Postado em: 27/11/2018 às 10:04:06

A Ordem dos Advogados do Brasil (OAB) é desprovida de competência para formar advogados ou bacharéis em Direito, pois este é papel exclusivo das instituições de ensino superior.

É da competência da OAB inscrever o advogado ou bacharel em Direito em seu quadro de filiados, dando a este profissional um número de inscrição, assim como acontece com muitos conselhos federais existentes no nosso País (CRM, CREA, CREFITO, COTEB e outros). O art. 44, II, do Estatuto desta entidade, expõe que a ela compete com exclusividade promover a seleção dos advogados em todo o Brasil.

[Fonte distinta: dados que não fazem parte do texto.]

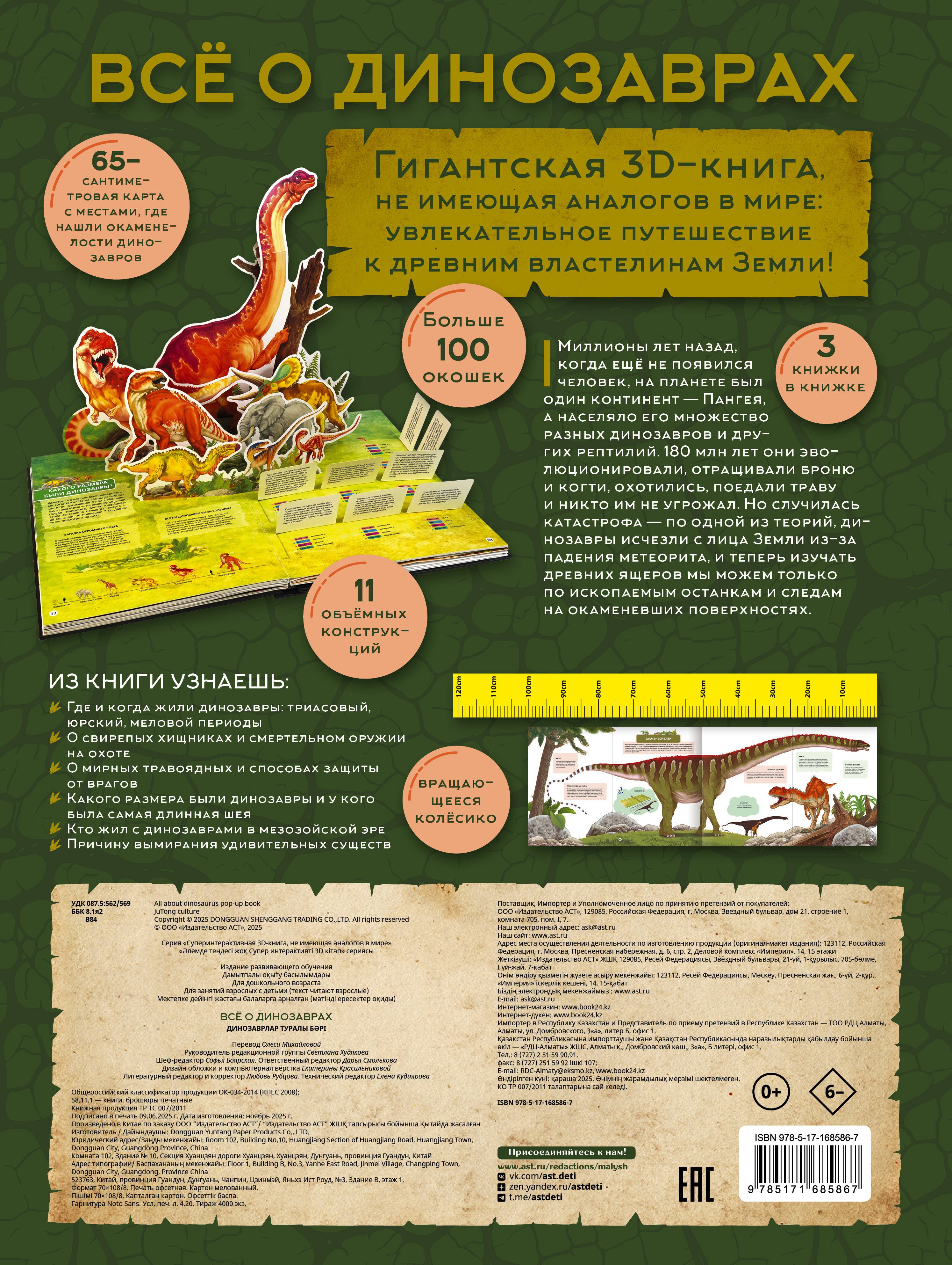 Гигантская 3D-книга, не имеющая аналогов в мире: увлекательное путешествие к древним властелинам Земли!Миллионы лет назад, когда ещё не появился человек, на планете был один континент — Пангея, а населяло его множество разных динозавров и других рептилий. 180 млн лет они эволюционировали, отращивали броню и когти, охотились, поедали траву, и никто им не угрожал. Но случилась катастрофа — по одной из теорий, динозавры исчезли с лица Земли из-за падения метеорита, и теперь изучать древних ящеров мы можем только по ископаемым останкам и следам на окаменевших поверхностях.
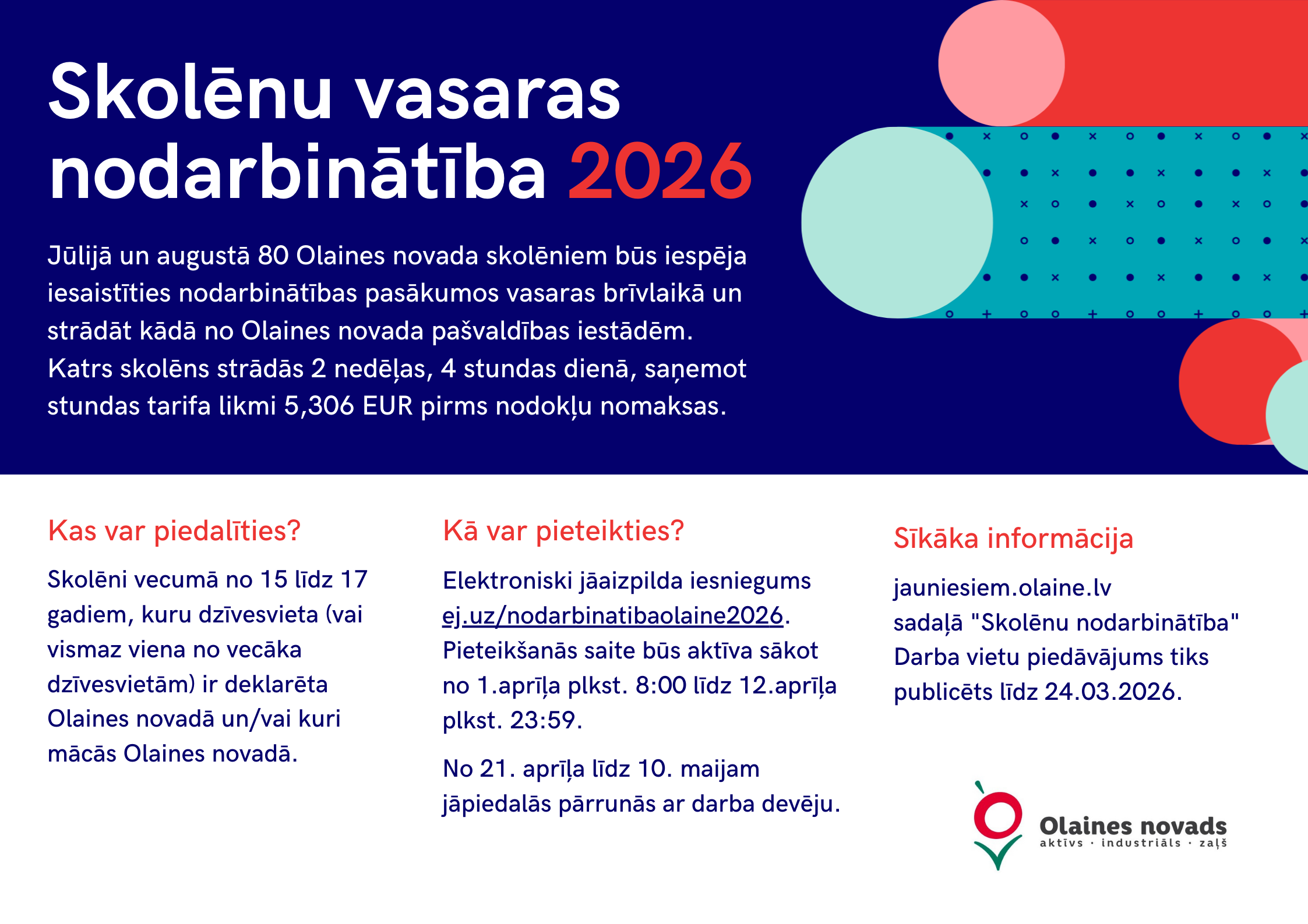 01.04. - 12.04. skolēniem elektroniski jāaizpilda iesniegums saitē - ej.uz/nodarbinatibaolaine2025, kur būs iespēja norādīt vēlamās darba vietas un periodus.
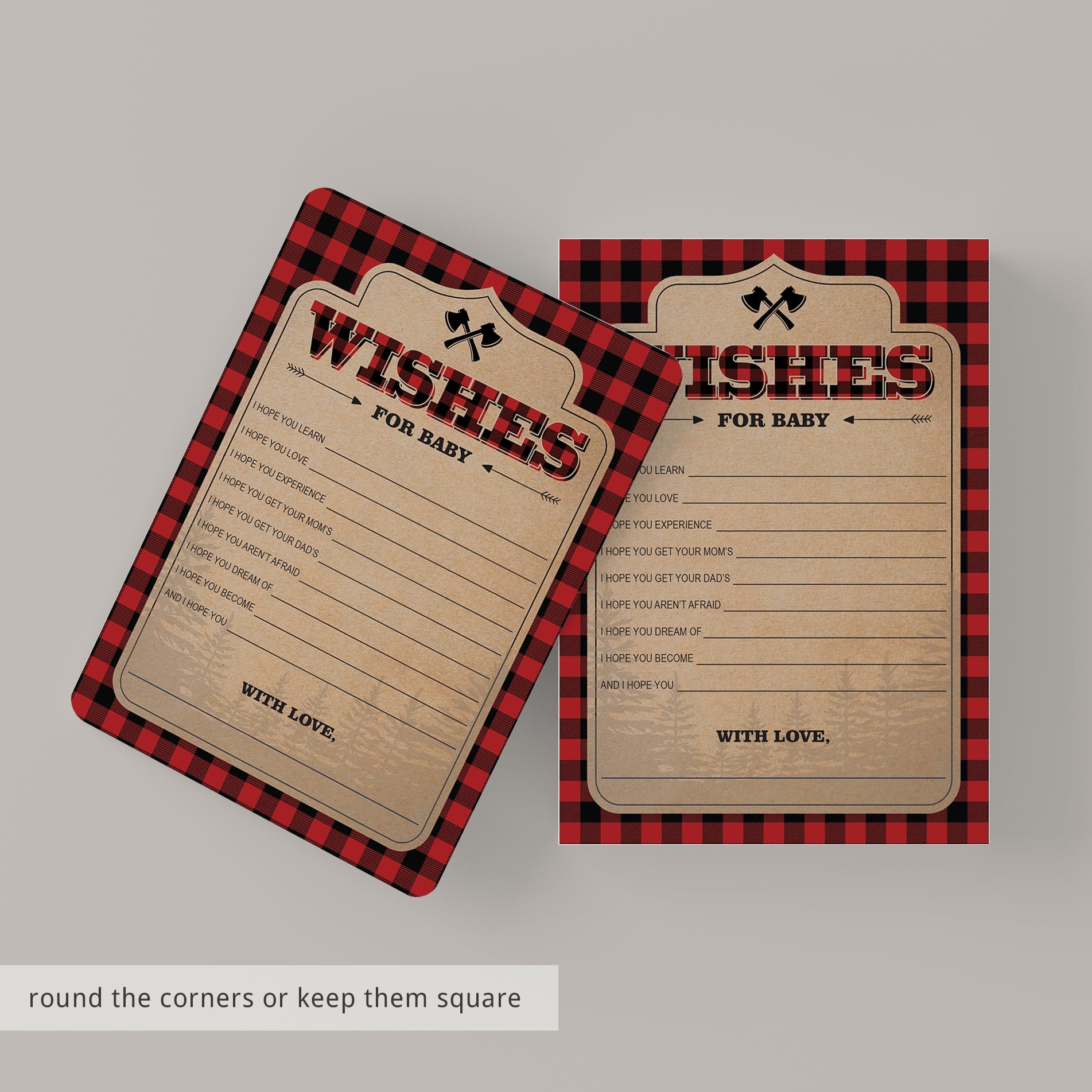 Create a gorgeous keepsake with these lumberjack baby shower wishes for baby cards. They are the perfect addition to a woodland baby shower. Let every baby shower guest write down their wishes for the new baby and collect the cards for the lucky mom-to-be.
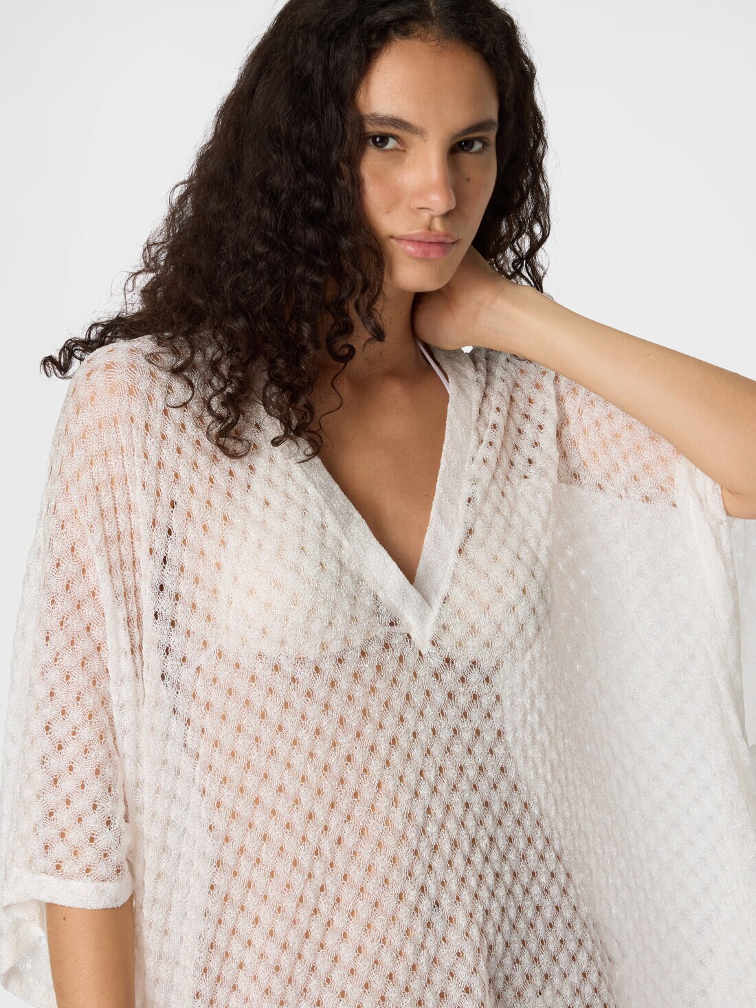 Short caftan cover-up in lamé viscose with raschel workmanship

Evidente que essa prática fere crassamente a Constituição Federal de 1988, que assegura em seu art. 5º, XIII: “é livre o exercício de qualquer trabalho, ofício ou profissão, atendidas as qualificações profissionais que a lei estabelecer”

Neste caso, a Constituição da República Federativa do Brasil fala claramente em qualificação e não em seleção, no que é completado pelo art. 205: “A educação, direito de todos, dever do Estado e da família, será promovida e incentivada com a colaboração da sociedade, visando ao pleno desenvolvimento da pessoa, seu preparo para o exercício da cidadania e sua qualificação para o trabalho”. 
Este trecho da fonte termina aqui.